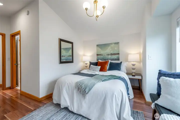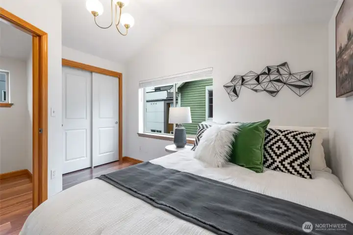 Rare stand-alone home with no shared walls, no HOA, and an attached garage—an exceptional find! Ideally located in the sought-after Stumbletown micro-neighborhood of West Woodland, quaintly tucked between Phinney Ridge and Ballard. The main living level on the second floor features an open-concept layout with an updated kitchen, eating bar, dining space, and a spacious living room anchored by a cozy gas fireplace. Upstairs, the vaulted ceiling primary suite offers an en-suite bath and is complemented by a second vaulted guest bedroom. Enjoy morning coffee on your balcony or gardening in the private, fenced front yard. Leave the car behind and explore nearby parks, cafes, and the vibrant 65th Street corridor—home to local favorites like Mainstay, Ginger & Scallion, and Bambino. Easy access to Hwy 99 and nearby transit makes commuting downtown seamless.
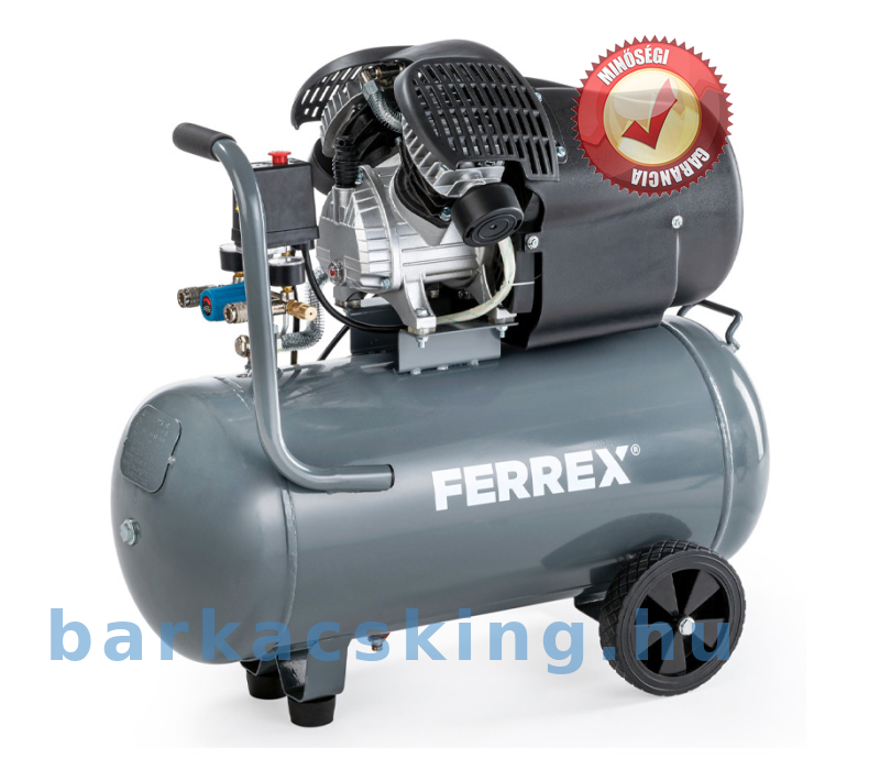 A nagy teljesítményű Ferrex DZK412 kompresszor két hengerrel pillanatok alatt feltölti 50 literes tartályát 412 l/perc szívókapacitásának. A két, saját nyomásmérővel ellátott nyomáscsatlakozó lehetővé teszi a gyors szerszámcserét. Ezáltal praktikus társ mind a hobbibarkácsolók, mind a szakemberek számára a műhelyben, garázsban és építkezéseken végzett legkülönfélébb munkákhoz.
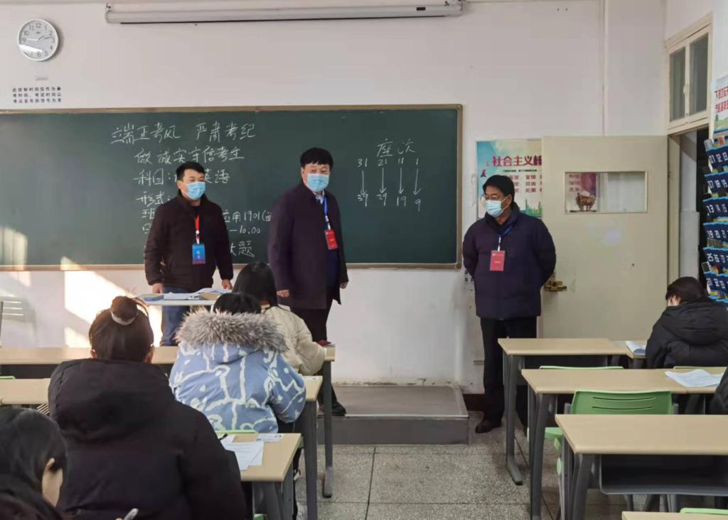 12月27日上午,学校党委书记温道军、校长王伟、副校长贾庆成在教务处等部门工作人员的陪同下,深入孔明路校区、光武路校区期末考试现场巡查。在孔明路校区,温道军详细查看了疫情防控措施落实情况、监考教师履职
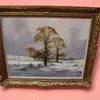 20th Century English school oil on canvas by John Trickett, signed bottom left, titles "Bleak midwinter". 60cm x 75cm, in large gilt frame.
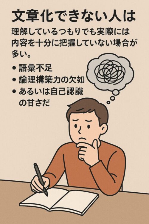 文章化できない人は、理解しているつもりでも実際には内容を十分に把握していない場合が多い。理由は語彙不足、論理構築力の欠如、あるいは自己認識の甘さだ。
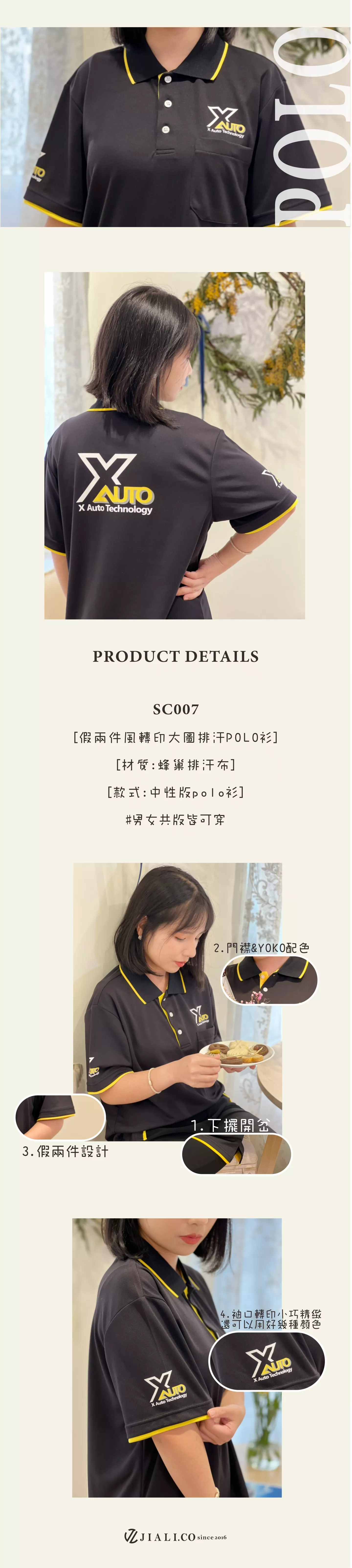 產品特色 : 假兩件設計,門襟配色顯得更有活力
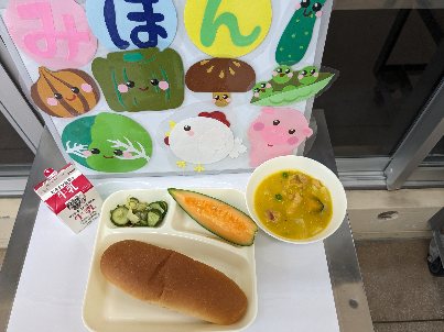 今日のメニューは、けいにくとかぼちゃのシチュー・ミックス海そうのサラダ・クインシーメロン・黒糖パン・牛乳です。
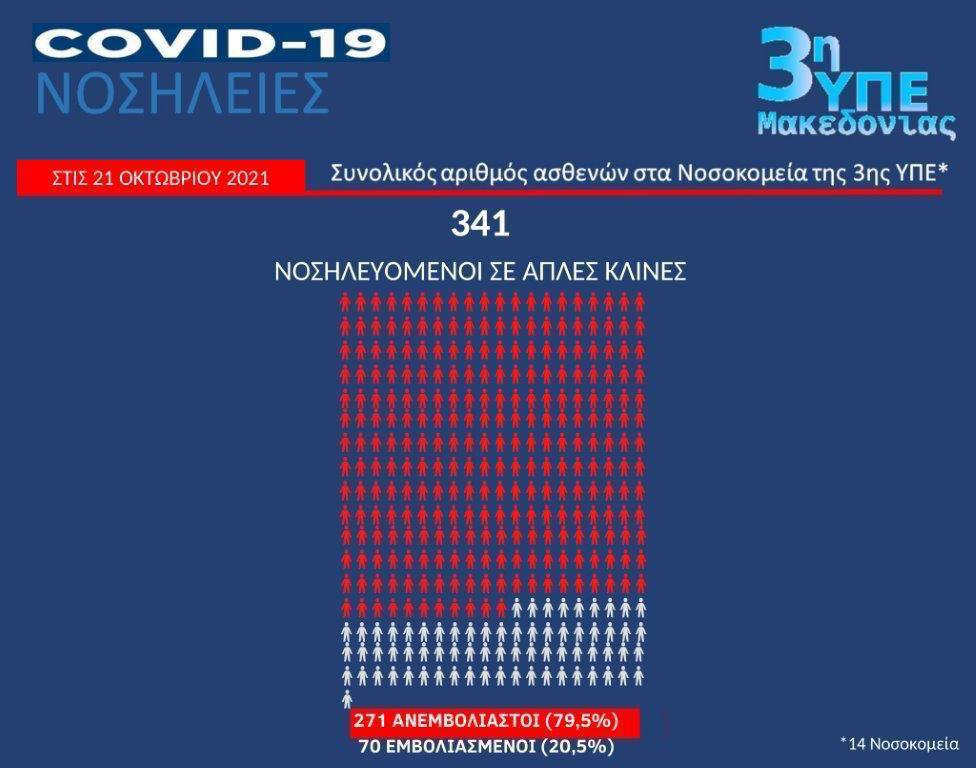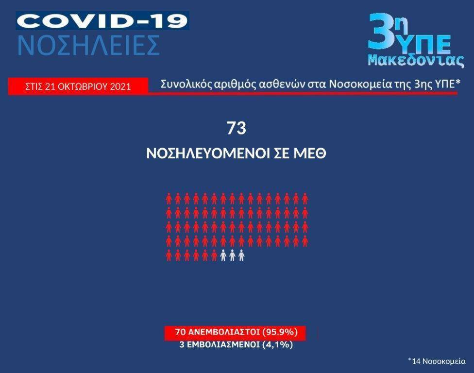 Όπως είπε, στην 3η ΥΠΕ, 73 άνθρωποι βρίσκονται νοσηλευόμενοι σε ΜΕΘ εκ των οποίων οι 70 είναι ανεμβολίαστοι και μόλις 3 εμβολιασμένοι.
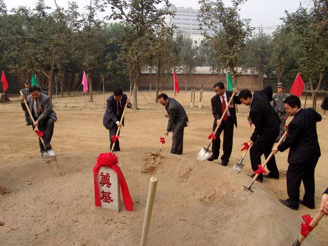 校领导及嘉宾挥锹铲土,为国防科技创新大厦奠基。
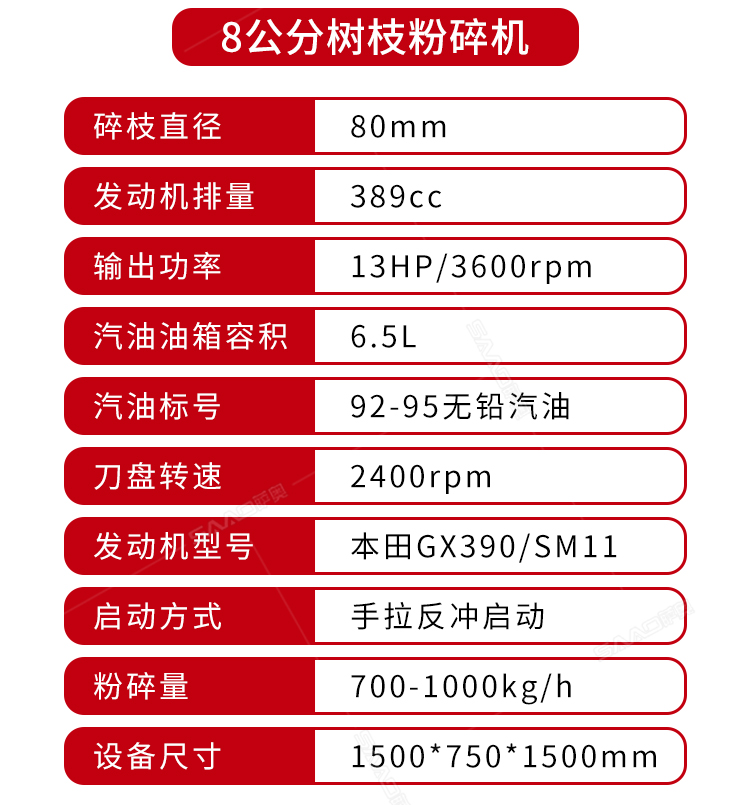 動力強勁,高效粉碎,可供公園,物業(yè)和綠化公司等專業(yè)組織使用,可輕松將直徑長達8.5cm的樹枝卷入并粉碎,結構緊湊,安全耐用。

## WHAT TO DO
Your output should be the lines from the one with "20th Century English" through the end of the listing, copied exactly and with the pictures left out.

## TASK OUTPUT
 20th Century English school oil on canvas by John Trickett, signed bottom left, titles "Bleak midwinter". 60cm x 75cm, in large gilt frame.
 文章化できない人は、理解しているつもりでも実際には内容を十分に把握していない場合が多い。理由は語彙不足、論理構築力の欠如、あるいは自己認識の甘さだ。
 產品特色 : 假兩件設計,門襟配色顯得更有活力
 今日のメニューは、けいにくとかぼちゃのシチュー・ミックス海そうのサラダ・クインシーメロン・黒糖パン・牛乳です。
 Όπως είπε, στην 3η ΥΠΕ, 73 άνθρωποι βρίσκονται νοσηλευόμενοι σε ΜΕΘ εκ των οποίων οι 70 είναι ανεμβολίαστοι και μόλις 3 εμβολιασμένοι.
 校领导及嘉宾挥锹铲土,为国防科技创新大厦奠基。
 動力強勁,高效粉碎,可供公園,物業(yè)和綠化公司等專業(yè)組織使用,可輕松將直徑長達8.5cm的樹枝卷入并粉碎,結構緊湊,安全耐用。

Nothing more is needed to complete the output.